- Exercise prompt
Omit all pictures, and print word for word only the lines from the one containing "本网讯 6月15日,我校老教" through the end of the data.

- Supplied material
<<<<

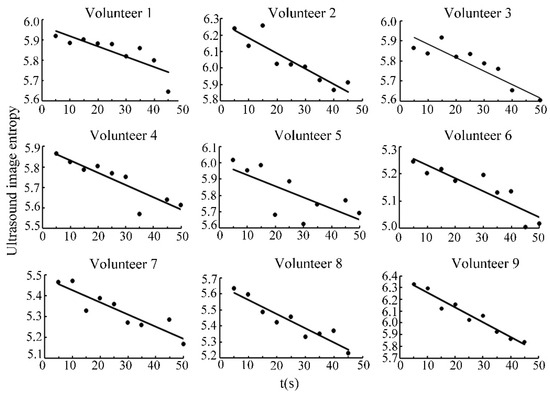 Previous studies revealed that the image entropy of the B-ultrasound image decreases with muscle fatigue [14]. Thus, we calculated the ultrasound image entropy (USIE) of each volunteer during the SC test and proved that the muscles in this study underwent a fatigue process. Taking volunteer 1 as a case, the center part of the muscle layer is chosen as the region of interest (ROI) in Figure 3, and the corresponding USIEs are calculated. Linear fits were used to analyze the variability of the USIEs. The USIEs of each volunteer in Figure 4 showed a similar decrease during the SC test.
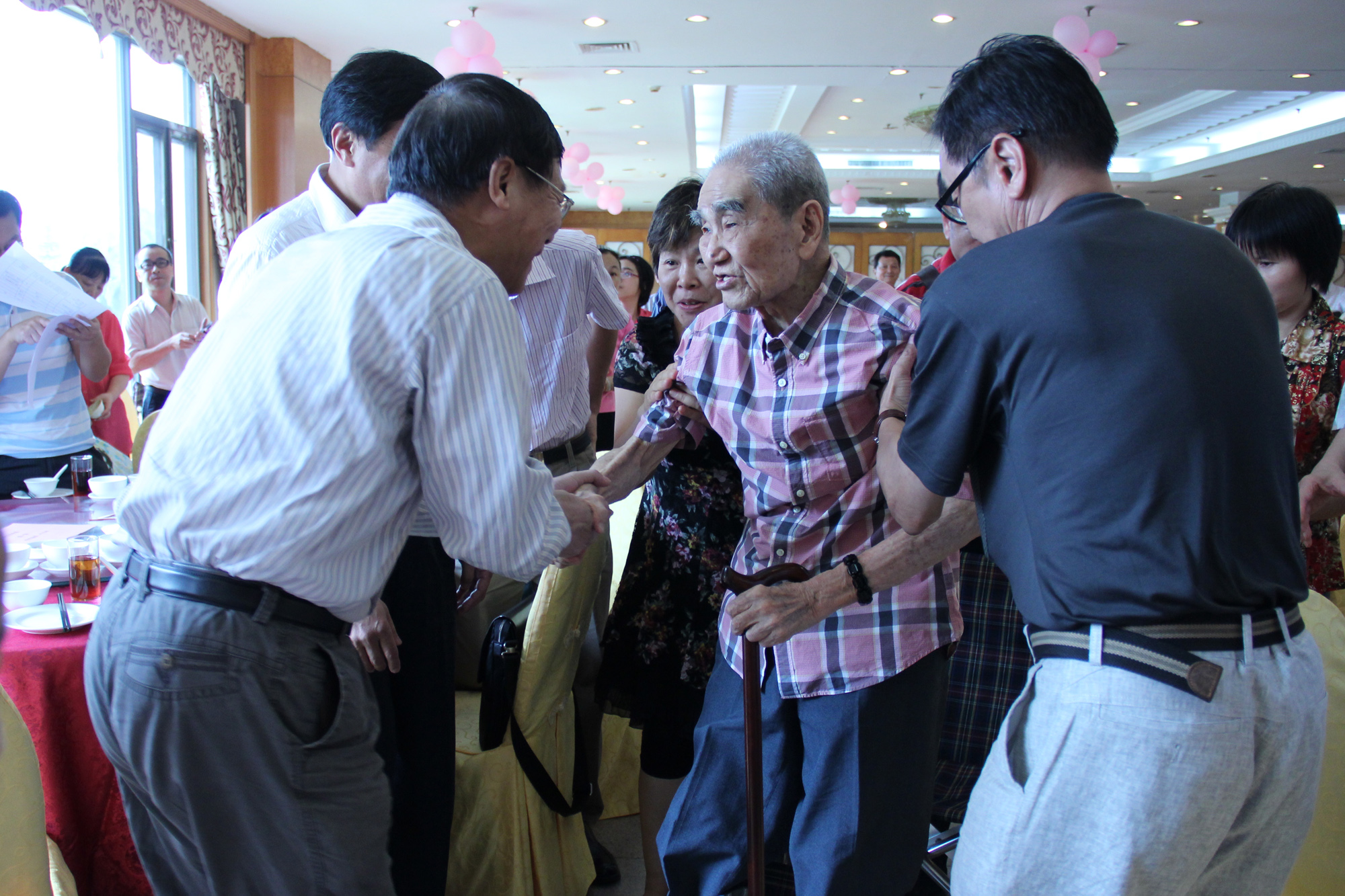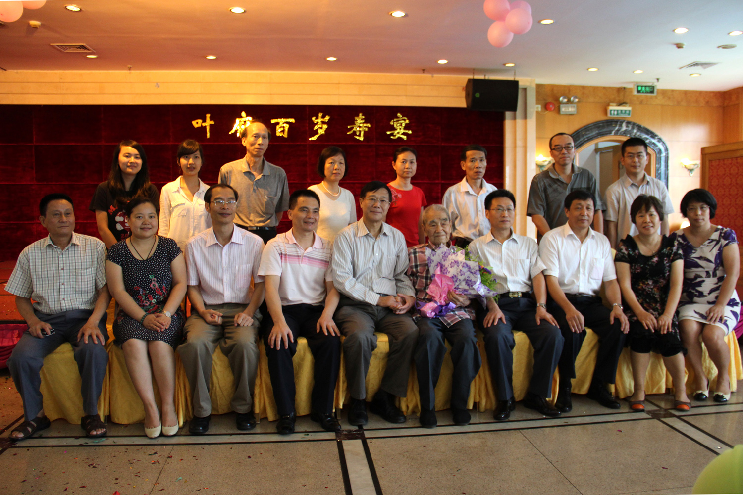 本网讯 6月15日,我校老教授叶自任的百岁寿宴在顺德碧桂园豪苑会所举行。叶自任曾于1972年5月始到原广州外国语学院从事教学、教研和管理工作,并于1985年从原广州对外贸易学院离休。我校党委副书记陈建平,离退处处长王新贵、副处长潘运利、董小平,教育学院院长董金伟、党委书记林绍雄,党委宣传部副部长陈红霞等前去贺寿,送去祝福。
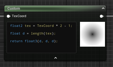 해당 코드를 통해 UV좌표와 원점 사이의 거리를 나타낼 수 있다.
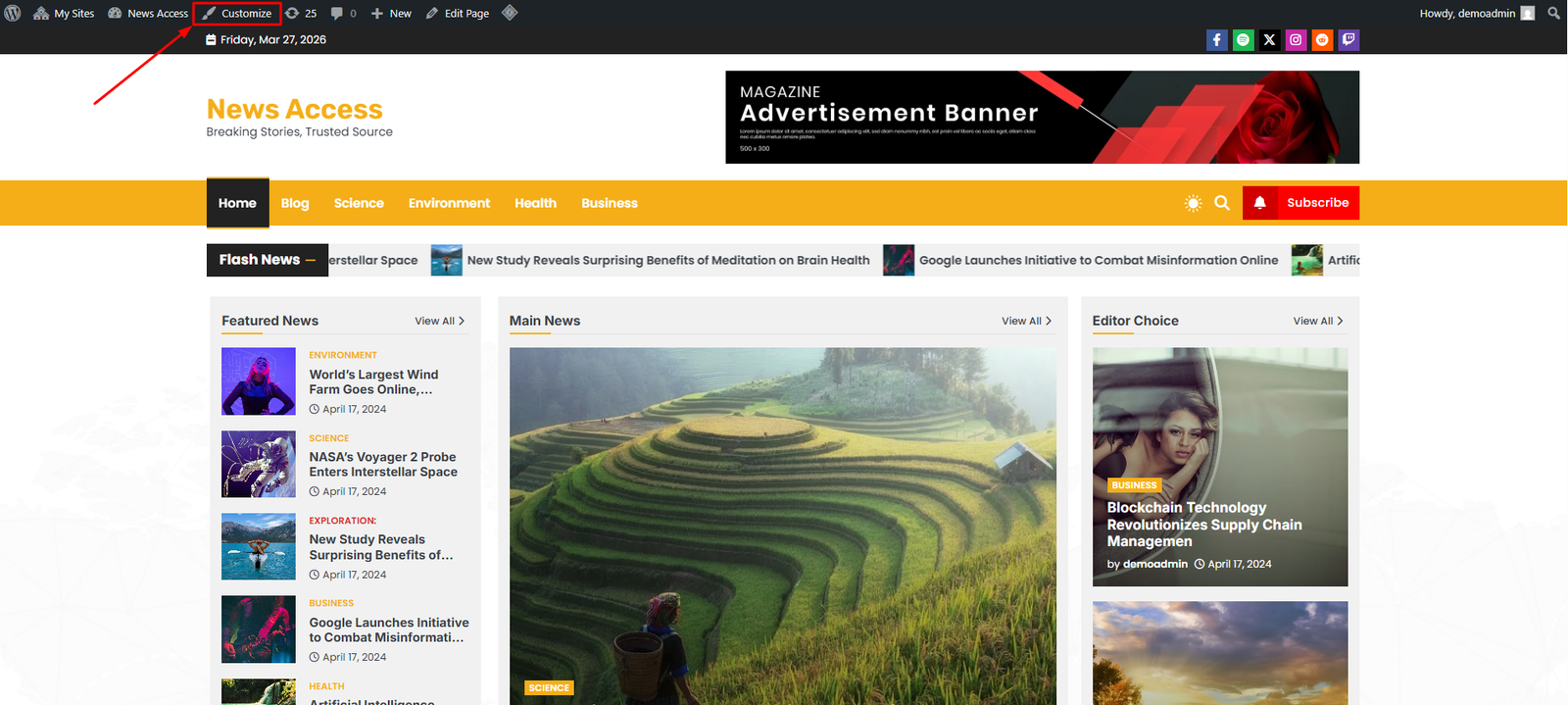 You can access Customize from any page or post on the site, customize option is in the top-left corner, and click on Customize to customize the website.

>>>>

- Completed exercise
 本网讯 6月15日,我校老教授叶自任的百岁寿宴在顺德碧桂园豪苑会所举行。叶自任曾于1972年5月始到原广州外国语学院从事教学、教研和管理工作,并于1985年从原广州对外贸易学院离休。我校党委副书记陈建平,离退处处长王新贵、副处长潘运利、董小平,教育学院院长董金伟、党委书记林绍雄,党委宣传部副部长陈红霞等前去贺寿,送去祝福。
 해당 코드를 통해 UV좌표와 원점 사이의 거리를 나타낼 수 있다.
 You can access Customize from any page or post on the site, customize option is in the top-left corner, and click on Customize to customize the website.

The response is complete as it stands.